According to research published in the Journal of the Radiological Society of North America, the latest version of ChatGPT, an artificial intelligence chatbot designed to interpret speech and generate responses, successfully passed a radiology board-style exam that demonstrated both potential and limitations.

The latest version of ChatGPT passed a radiology board-style exam, highlighting the potential of large language models while also revealing the limitations that led to obstruction, according to two new studies published in Radiology, the journal of the Radiological Society of North America (RSNA). reliability.

ChatGPT is an artificial intelligence (AI) chatbot that uses a deep learning model to recognize patterns and relationships between words in large training data to generate human-like responses based on prompts. However, since there is no source of truth in the training data, the tool may actually produce answers that are incorrect.

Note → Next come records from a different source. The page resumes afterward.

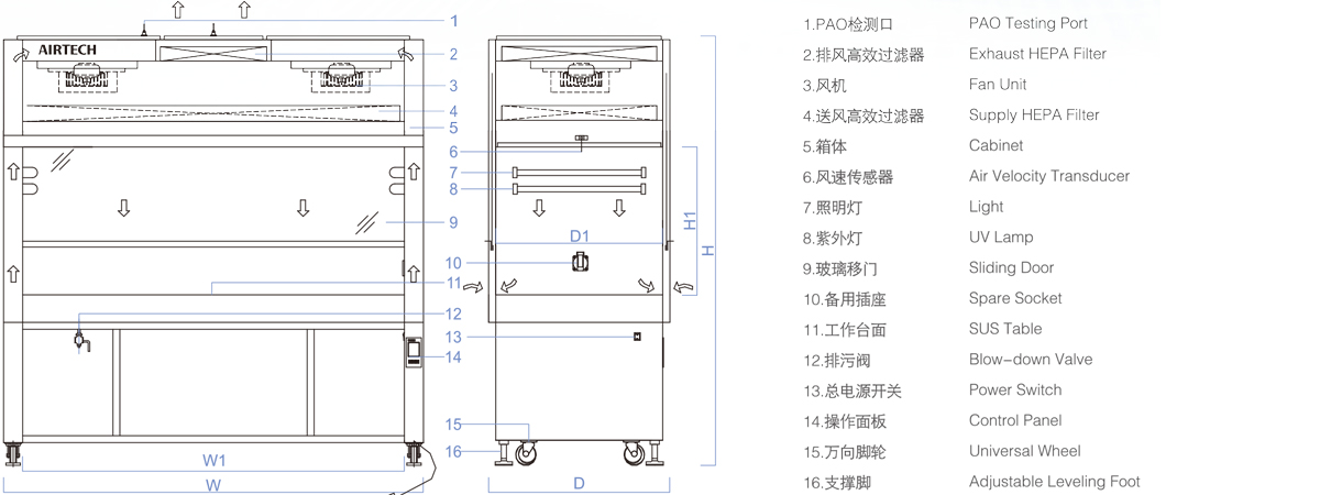 具有高效率、低能耗的風(fēng)量可調(diào)送風(fēng)系統(tǒng),LED照明和殺菌系統(tǒng)、移門(mén)和殺菌系統(tǒng)安全互鎖。
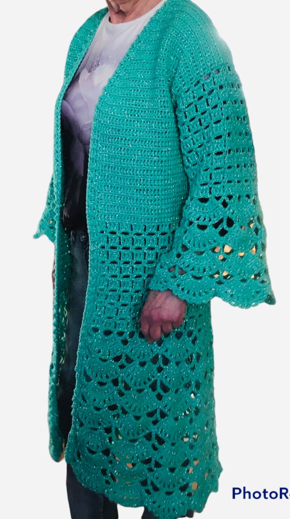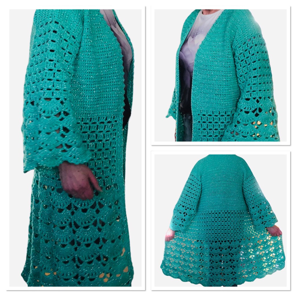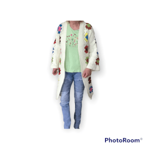 Ik heb dit vest gehaakt met 7 bollen Saskia Lurex van de Wibra op Nld 5. Je kunt ook werken met gewone Saskia van de Wibra, Royal van de Zeeman of Medium van de Action. De maten zijn 36/38 40/42 44/46 48/50 52/54.
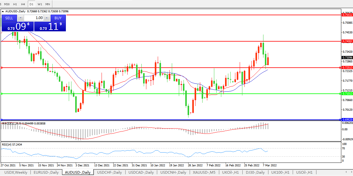 压制位:0.7250 0.7400
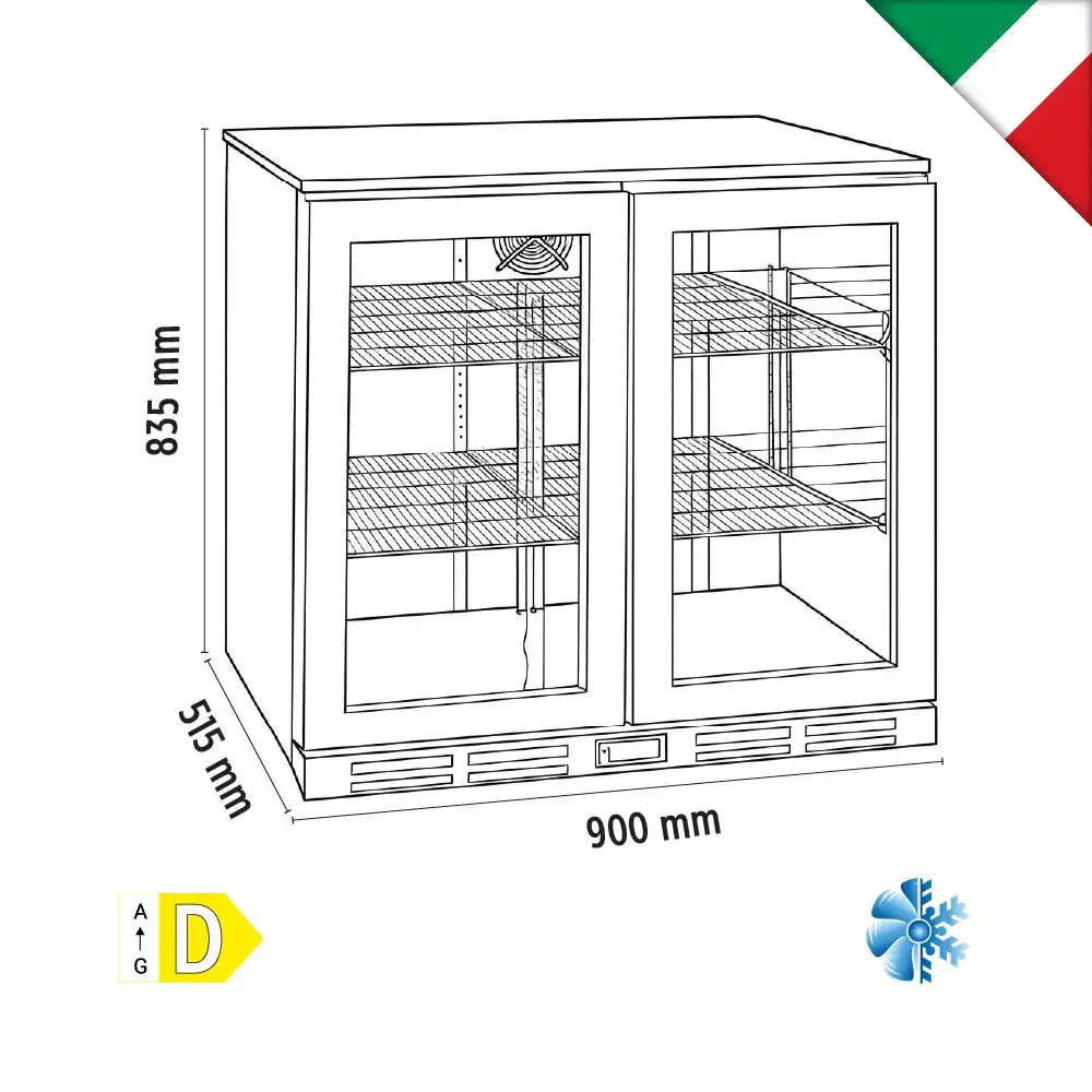Βιτρίνα συντηρησης Back Bar διπλή,με ανοιγόμενες πόρτες Sub Zero COLD BAR 200 BLACK, Klimaitalia Ιταλίας.

“The use of major language models like ChatGPT is growing rapidly and will continue to increase,” said FRCPC lead author Rajesh Bhayana, abdominal radiologist and chief technologist at University Medical Imaging Toronto, Toronto General Hospital in Toronto, Canada. “Our work provides insight into the performance of ChatGPT in a radiology context, highlighting the incredible potential of large language models as well as the current limitations that make it unreliable.”

Dr. Bhayana noted that ChatGPT was recently named the fastest growing consumer app in history, and similar chatbots have been included in popular search engines like Google and Bing, which doctors and patients use to find health information.

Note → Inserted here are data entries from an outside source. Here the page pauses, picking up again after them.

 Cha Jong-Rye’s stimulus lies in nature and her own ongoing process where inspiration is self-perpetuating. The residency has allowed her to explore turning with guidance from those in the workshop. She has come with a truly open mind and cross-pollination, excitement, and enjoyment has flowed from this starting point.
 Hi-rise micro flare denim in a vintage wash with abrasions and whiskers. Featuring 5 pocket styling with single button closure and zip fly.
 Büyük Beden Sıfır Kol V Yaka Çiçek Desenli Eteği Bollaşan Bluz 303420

Dr. Bhayana and colleagues first tested ChatGPT against GPT-3.5, currently the most widely used version, to evaluate its performance on radiology board exam questions and explore its strengths and limitations. Researchers used 150 multiple-choice questions designed to fit the style, content, and difficulty of the Royal College of Canada and American Board of Radiology exams.

The questions did not contain pictures and were grouped by question type to gain insight into performance: lower-order thinking (remembering information, basic understanding) and higher-order thinking (application, analysis, synthesis). Higher-order thinking questions were further subclassified by type (describing imaging findings, clinical management, calculation and classification, disease associations). ChatGPT’s performance was evaluated overall, as well as by question type and topic. Language confidence in responses was also assessed.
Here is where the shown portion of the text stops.